■ DATA SEGMENT ■

+-------+

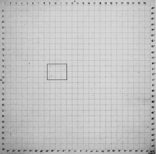 Yulduzlarning koordinatalari fotografik plastinkalarda (2.14-rasm) yoki CCD tasvirlarda koordinatasi oldindan ma'lum bo'lgan tayanch yulduzlarga nisbatan aniqlanadi.
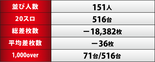 この日、[1000円/46枚]スロ516台のトータル差枚数はマイナス、悔しいことに3連敗という結果に。一方、同店が大型店とあって1,000overは全体の2割を切ってしまい、他店の取材状況と比較すると些か寂しい成績に終わった。次回こそは圧倒的な差枚数でプラスを遂げてもらいたいものだが、そのチャンスは意外に…近い!?
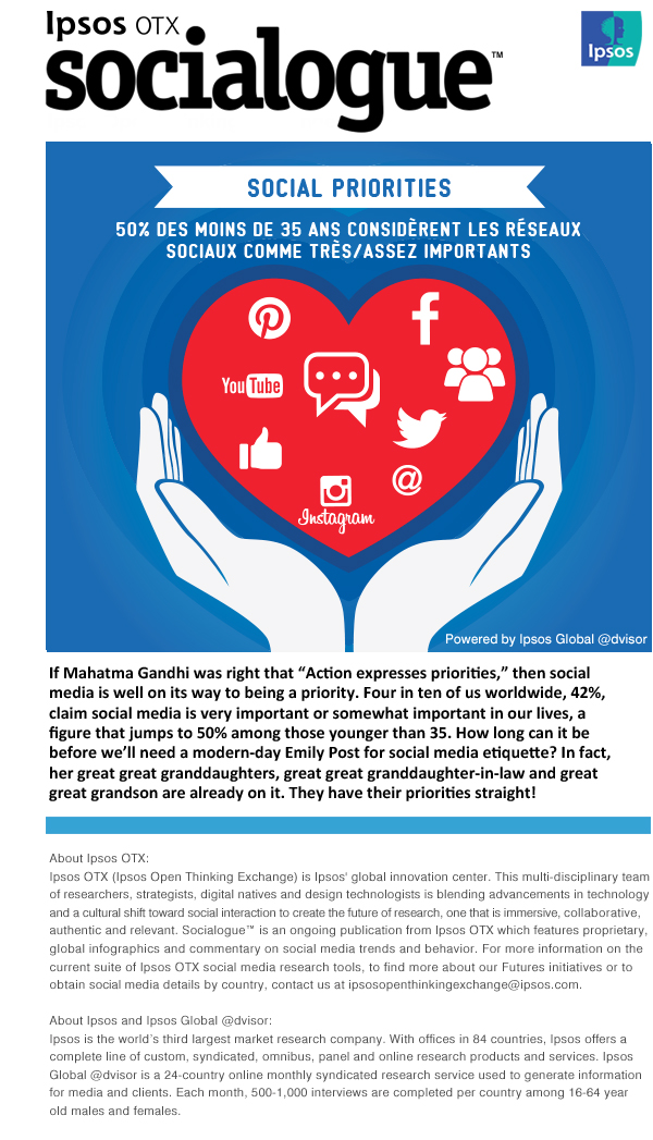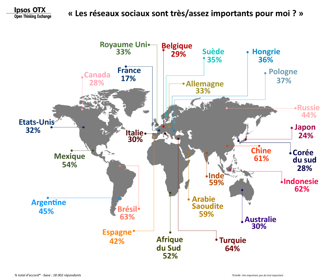 Si 42% des sondés à l’échelle mondiale citent les réseaux sociaux comme une priorité, les Français ne semblent pas partager cet intérêt commun, en effet, pour 47% d’entre eux les réseaux sociaux ne sont pas importants. Le faible attrait pour les réseaux sociaux, nouvelle exception culturelle française ?

+-------+

■ WHAT YOU SHOULD DO ■
Your answer should set down the listing verbatim and leave out its images.

■ EXERCISE OUTPUT ■
 Yulduzlarning koordinatalari fotografik plastinkalarda (2.14-rasm) yoki CCD tasvirlarda koordinatasi oldindan ma'lum bo'lgan tayanch yulduzlarga nisbatan aniqlanadi.
 この日、[1000円/46枚]スロ516台のトータル差枚数はマイナス、悔しいことに3連敗という結果に。一方、同店が大型店とあって1,000overは全体の2割を切ってしまい、他店の取材状況と比較すると些か寂しい成績に終わった。次回こそは圧倒的な差枚数でプラスを遂げてもらいたいものだが、そのチャンスは意外に…近い!?
 Si 42% des sondés à l’échelle mondiale citent les réseaux sociaux comme une priorité, les Français ne semblent pas partager cet intérêt commun, en effet, pour 47% d’entre eux les réseaux sociaux ne sont pas importants. Le faible attrait pour les réseaux sociaux, nouvelle exception culturelle française ?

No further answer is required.